The next
game on the hit list is a movie tie-in game for a movie I’ve never seen and now
having played the game, I most likely never will. I have decided to have a go
at putting a walkthrough together for this as I ended up having to do a nearly
full second playthrough due to one of the missable achievements that caused me
to have a rage blackout. It’s only fair to try and save other gamers from the
same fate.
Meet the Robinsons follows the story of
Wilbur Robinson whose MO appears to be using a time machine to travel back in
time and take pictures of himself with characters from history. The game starts
with a prologue in ancient Egypt where you escape from a collapsing temple and
effectively alter history. I really had to work hard to swallow the time travel
liberties in the game. While I understand it’s a kid’s movie, I don’t see that
as a genuine reason to trash the place with a poor time travel premise.
Anyway, the
idea of the game is that the timeline gets corrupted when Wilbur goes back in
time and as the player, your job is to spend 75% of the game fixing it. The
whole story makes very little sense and throw in the time travel issues and it
becomes simply terrible.
Gameplay
wise, it’s shockingly bad. The control interface is one of the worst I’ve
encountered in a long time. What I found to be bizarre was the fact that there
is no jump button. Wilbur gets over obstacles by walking into them. This does
make level navigation simpler, but I still thought it was a bizarre choice. As
you play the game, you pick up various weapons and utilities to use against
enemies and these get assigned to the Y, B and X buttons. The aiming function
is where the game becomes shit. You can auto-lock on using the LB button but
you won’t lock on to anything you want to aim at. You can also do manual aiming
by holding down LT and pressing the button that corresponds to the weapon you
want to use. I found it hit and miss whether this worked and when it did, it
was incredibly fiddly and not user friendly.
In addition
to the above, there are three vehicle sections that involve you getting into a
giant ball and rolling through a course. The ball handles badly too so at least
it’s consistent. These also have course records attached to them and if you
beat the record you get some kind of reward. I only did this once on my second
playthrough so I’m not sure what the rewards were. The times are essentially
doing a perfect run so it makes no sense to have these as you only get one attempt
per playthrough and you need to learn the course to do it well. And even then,
it’s still luck-based.
Luck sums it
up quite nicely when you look at the difficulty of the game. It’s not overly
difficult and it feels as though it’s done to account for the sloppy gameplay –
and the amount of luck you will need to get through it.

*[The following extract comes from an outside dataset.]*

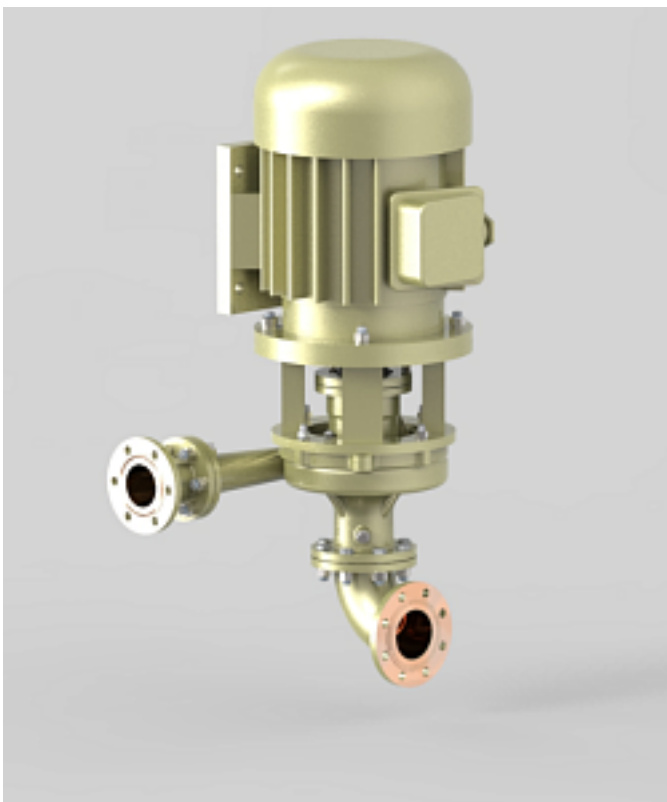
Наименование оборудования: Насосы центробежные вертикальные типа НЦВ

Achievements – 1,000 Points – 38
Achievements
Another problem
with the game is that there are a lot of collectibles and a lot of sections of
the game that cannot be revisited once you’ve cleared them. Due to this, there
are 14 missable achievements. Two of these are for scanning 130 objects
throughout a playthrough and completing all 16 Havoc puzzles. Neither of these
have any trackers so you won’t know if you done them all unless you keep a
record of what you’ve done.
This is
where I came unstuck as I had missed one of the Havoc puzzles due to some
uncharacteristically poor tracking on my part, but lessons learned for the
future.
The
achievements can be broken down into three categories; mini games, main story
and collectibles. Some achievements are tied to each other in that you have to
collect VR discs to play against certain characters in the chargeball minigame
– a fairly horrendous block-breaker game. Aside from getting all the
collectibles to unlock the characters, you then need to play them. You play two
games as part of the story – one tutorial which shows you how it works and one
against ‘The Champ’ which is an overly long 3-match series. Apparently if you
don’t win this match, you can’t rematch him without starting again but I don’t
know what happens if you lose.
The rest of
the matches can be played in the minigames sub menu once you’ve collected the
relevant VR discs. The matches themselves are pretty easy and if you play on
the tutorial level, you only have to play one game to get a win.
The other side
of the mini-games involves playing a game called Security System which is a
shooting gallery. There are two achievements tied to playing this which
essentially require you to get 100,000 points. This is also easy. It was the
first thing I did in the game and I breezed through it without really knowing
what I was doing.
So that just
leaves the collectibles. The scans are easy enough – just scan everything and
eventually it will unlock. There is some leeway here as there are closer to 150
individual scans throughout the game and you only need 130. While I said there
isn’t a tracker, two other items are obtained by scanning 100 and 110 things so
you at least will know when you are nearly finished.
The last
achievement I’ll talk about is the Havoc puzzles. There are 16 of them in the
game and they are 2D puzzles where you navigate to an exit while avoiding ants
and rocks and blowing stuff up. The controls here are no better than the main
game and when it requires you be fast, you will likely fail several times because
of the controls.
Downloadable Content – N/A
Having to
play Meet the Robinsons twice was an
episode in sheer frustration but I have no one to blame but myself for that.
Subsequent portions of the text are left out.